▶ _The problem_
Return only what runs from the line containing "患者,女,32岁,尿糖2+,尿蛋白弱阳性" through the last line of the entries below, exactly, omitting pictures.

Information provided below:

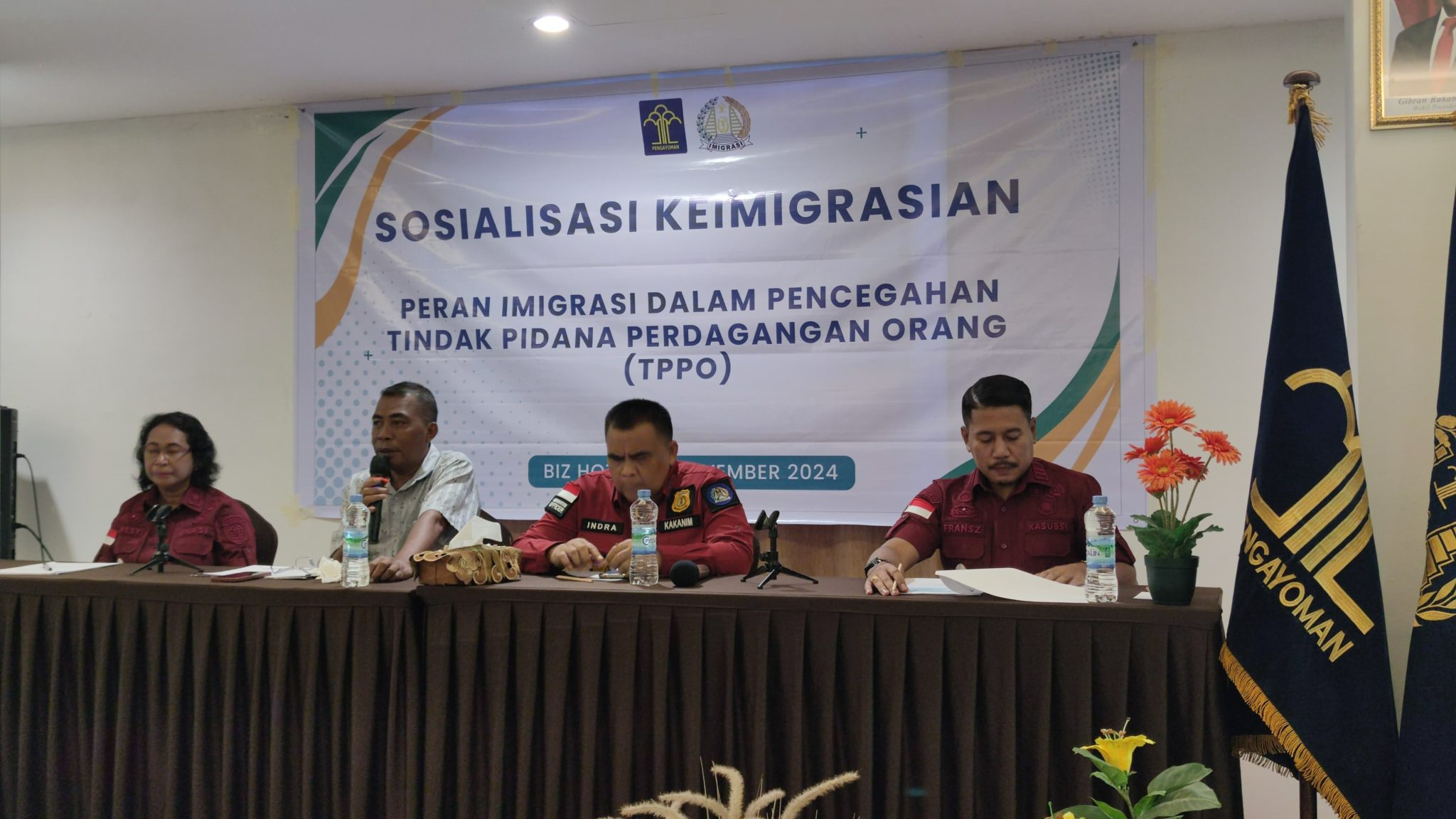 Sementara itu Kepala Seksi Teknologi Informasi Keimigrasian, Gresy Loretta Gaspersz, menyatakan tujuan sosialisasi adalah mensosialisasik Desa Binaan dan Peran Imigrasi Dalam Pencegahan Tindak Pidana Perdagangan Orang (TPPO).
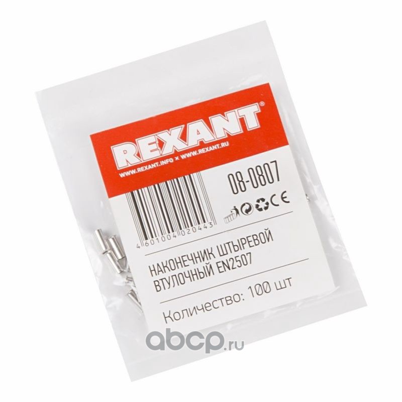 Наконечник штыревой втулочный L-6 мм 0.75 мм² (НШВ 0.75-6/НГ 0.75-6) REXANT
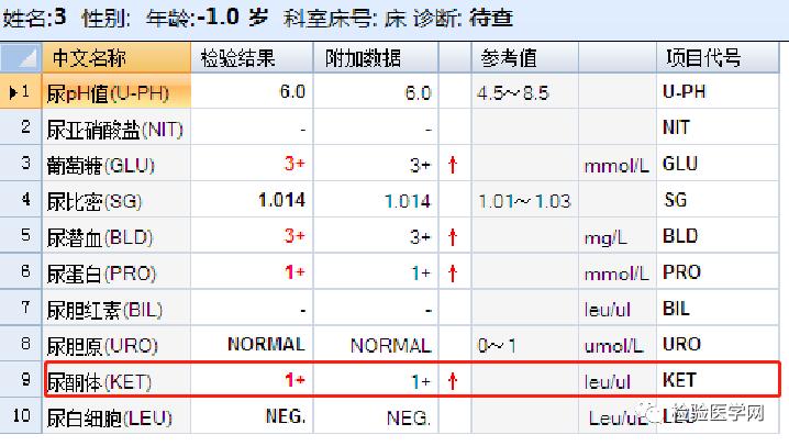 患者,女,32岁,尿糖2+,尿蛋白弱阳性(Trace),尿隐血3+,酮体(KET)前一天3+,今日检测为阴性(-),如下图:
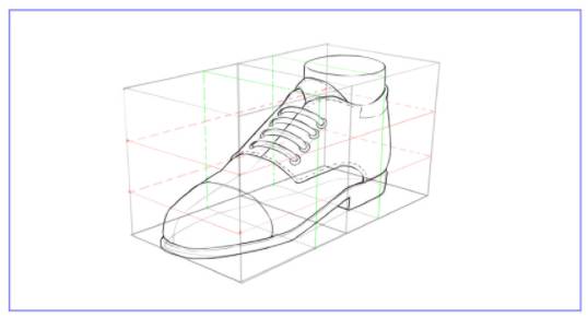 我们从鞋底开始画鞋的体积,因为我们已经标注好了比例线,所以非常方便我们计算节点。
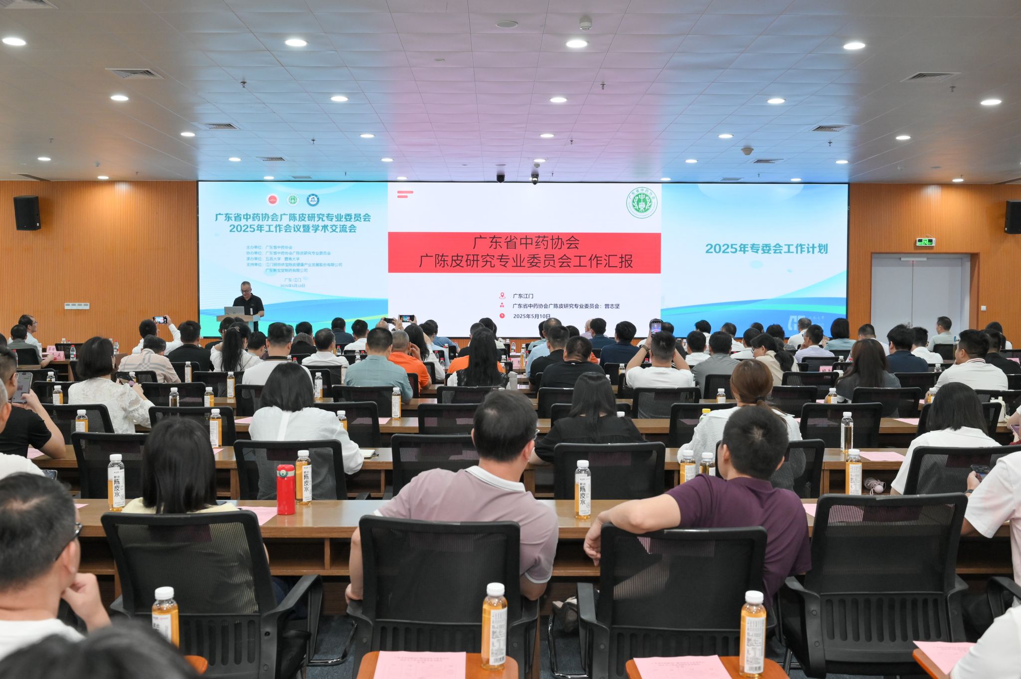 廣陳皮研究專業委員會副主委兼秘書長、江門藥檢所所長曾志堅作工作匯報。他介紹了廣東省中藥協會基本情況、廣陳皮研究專業委員會基本架構及工作內容,闡述了專委會2025年五個方面工作計劃,并從主動發現問題、打造行業地位、強化品牌建設三方面提出行業發展建議。
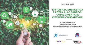 On September 30, 2020, Cittadinanzattiva and Sinergie have co-hosted an open webinar on the Facebook page of Cittadinanzattiva. The webinar was entitled Efficienza energetica e lotta allo spreco: come diventare cittadini consapevoli (“Energy efficiency and fight against waste: how to become informed citizens) and presented some best practices that every citizen could adopt to save energy, reduce waste, and safeguard the environment. The main areas of debate discussed responsible consumption, the reduction of consumption and reuse / recycling, prosuming, and new models of sustainable production.
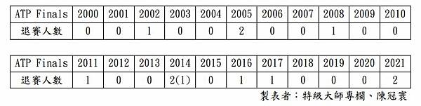 查詢2000年以來 ATP 年終賽的球員退賽情況,兩人退賽已追平最大值,不知道是否因為 2020 賽季因為疫情被迫長時間休息、2021 賽季回歸後得重新適應比賽強度而積勞成疾。
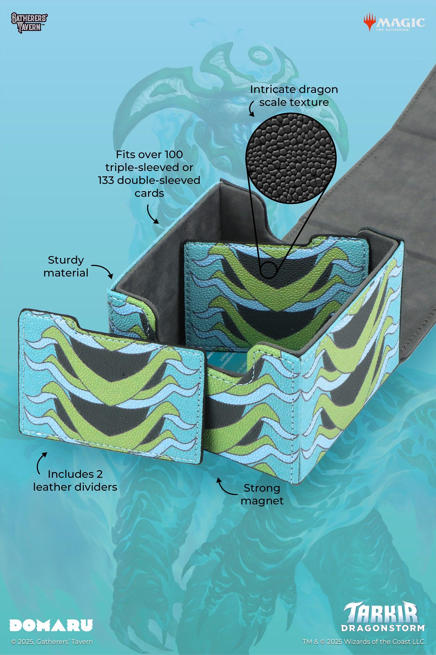 Tarkir: Dragonstorm Inspired Design: Featuring textured scale patterns of the five dragons, the Tarkir: Dragonstorm DOMARU Box is the perfect way to showcase your love for the set.
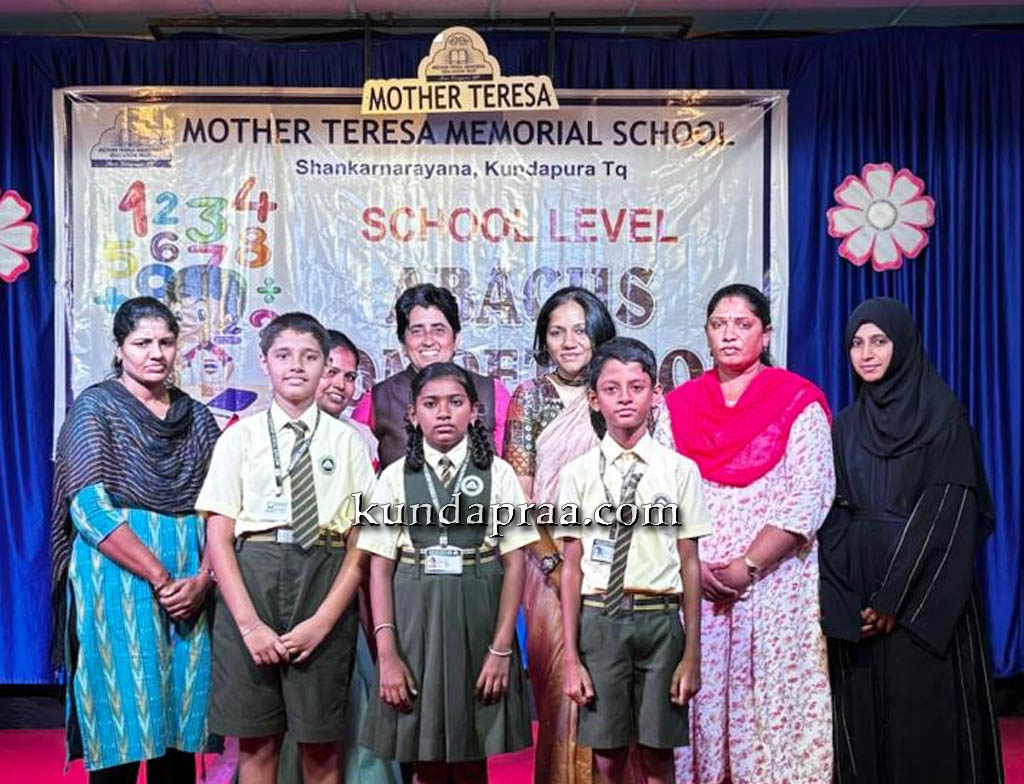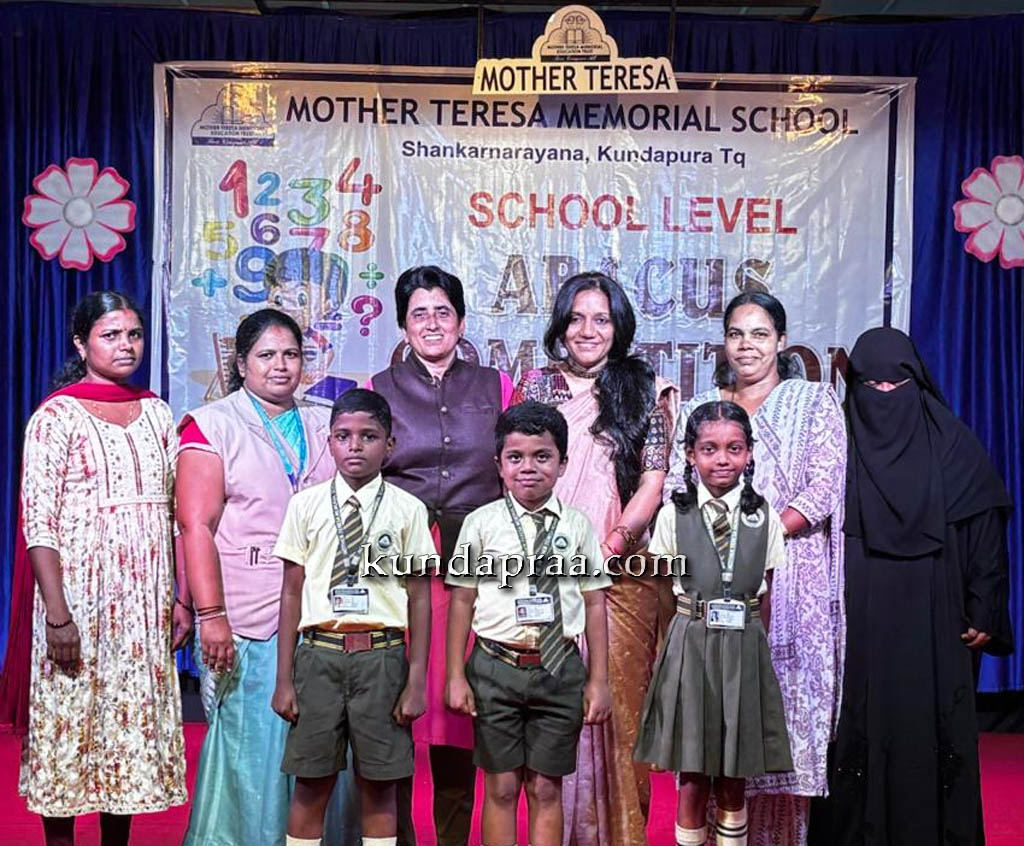 ಶಂಕರನಾರಾಯಣ: ಇಲ್ಲಿನ ಮದರ್ ತೆರೇಸಾ ಶಿಕ್ಷಣ ಸಂಸ್ಥೆಯ ಮೂರು ಮತ್ತು ನಾಲ್ಕನೇ ವಿದ್ಯಾರ್ಥಿಗಳಿಗೆ ಒಂದು ದಿನದ ಅಬಾಕಸ್ ಸ್ಪರ್ಧೆ ಆಯೋಜಿಸಲಾಗಿತ್ತು.
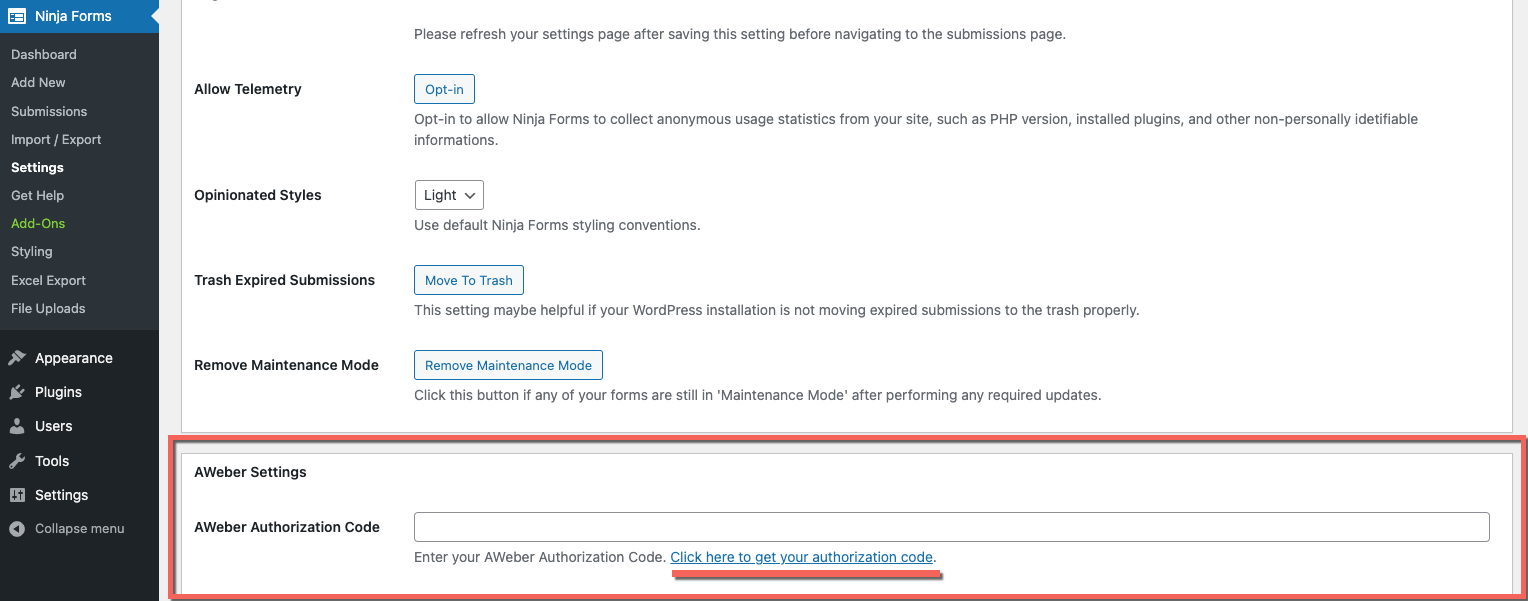 The extension needs your permission to access your AWeber account, view your lists, and add new users to those lists. In the WordPress admin you should navigate to Ninja Forms > Settings and find the AWeber Settings box.

End of Information provided.

▶ _Written answer_
 患者,女,32岁,尿糖2+,尿蛋白弱阳性(Trace),尿隐血3+,酮体(KET)前一天3+,今日检测为阴性(-),如下图:
 我们从鞋底开始画鞋的体积,因为我们已经标注好了比例线,所以非常方便我们计算节点。
 廣陳皮研究專業委員會副主委兼秘書長、江門藥檢所所長曾志堅作工作匯報。他介紹了廣東省中藥協會基本情況、廣陳皮研究專業委員會基本架構及工作內容,闡述了專委會2025年五個方面工作計劃,并從主動發現問題、打造行業地位、強化品牌建設三方面提出行業發展建議。
 On September 30, 2020, Cittadinanzattiva and Sinergie have co-hosted an open webinar on the Facebook page of Cittadinanzattiva. The webinar was entitled Efficienza energetica e lotta allo spreco: come diventare cittadini consapevoli (“Energy efficiency and fight against waste: how to become informed citizens) and presented some best practices that every citizen could adopt to save energy, reduce waste, and safeguard the environment. The main areas of debate discussed responsible consumption, the reduction of consumption and reuse / recycling, prosuming, and new models of sustainable production.
 查詢2000年以來 ATP 年終賽的球員退賽情況,兩人退賽已追平最大值,不知道是否因為 2020 賽季因為疫情被迫長時間休息、2021 賽季回歸後得重新適應比賽強度而積勞成疾。
 Tarkir: Dragonstorm Inspired Design: Featuring textured scale patterns of the five dragons, the Tarkir: Dragonstorm DOMARU Box is the perfect way to showcase your love for the set.
 ಶಂಕರನಾರಾಯಣ: ಇಲ್ಲಿನ ಮದರ್ ತೆರೇಸಾ ಶಿಕ್ಷಣ ಸಂಸ್ಥೆಯ ಮೂರು ಮತ್ತು ನಾಲ್ಕನೇ ವಿದ್ಯಾರ್ಥಿಗಳಿಗೆ ಒಂದು ದಿನದ ಅಬಾಕಸ್ ಸ್ಪರ್ಧೆ ಆಯೋಜಿಸಲಾಗಿತ್ತು.
 The extension needs your permission to access your AWeber account, view your lists, and add new users to those lists. In the WordPress admin you should navigate to Ninja Forms > Settings and find the AWeber Settings box.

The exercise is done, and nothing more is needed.